CCEA challenged this assessment in arbitration and for the most part prevailed. The arbitrator concluded, among other things, that the assumptions the Plan used to calculate CCEA's withdrawal liability were unreasonable, and he ordered the Plan to recalculate CCEA's liability under different assumptions. Dkt. 21-6 at 1252 (J.A. 6326 (Award at 3)). Specifically, the arbitrator concluded that the 5.0% discount rate assumption utilized in the withdrawal-liability calculation was not adequately supported and ordered the Plan to instead utilize a 7.3% discount rate assumption, which was the discount-rate assumption the Plan used to calculate withdrawal liability prior to 2018. Dkt. 21 at 129 (J.A. 123); Dkt. 21-6 at 1252 (J.A. 6326 (Award at 3)).

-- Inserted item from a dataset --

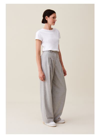 Pantalon large en maille à jeu de plis plats sur l'avant

Dissatisfied with the arbitrator's decision, the Plan brought this suit. Dkt. 1. Both parties moved for summary judgment seeking to enforce in part and vacate in part the arbitrator's decision. See Dkt. 24; Dkt. 26. After several rounds of briefing, see Dkt. 28–43—due in large part to the D.C. Circuit's issuance of an on-point precedent after the initial summary judgment briefing had concluded, see United Mine Workers of Am. 1974 Pension Plan v. Energy W. Mining Co., 39 F.4th 730 (D.C. Cir. 2022)1 —the Court issued its decision on the parties’ cross-motions to confirm and/or vacate the arbitrator's award, see Dkt. 44. The Court “agree[d] with CCEA and the arbitrator that the Plan's assessment of CCEA's withdrawal liability [could] not stand,” id. at 2, finding that the 5.0% discount rate used to calculate CCEA's withdrawal liability did not reflect the Plan actuary's “best estimate of anticipated experience under the plan,” see 29 U.S.C. § 1393(a)(1); Energy W., 39 F.4th at 734. But the Court was unable to determine whether the arbitrator's chosen remedy passed muster, since his decision failed to “explain why that remedy—as opposed to a more open-ended remedy was appropriate.” Dkt. 44 at 34-35.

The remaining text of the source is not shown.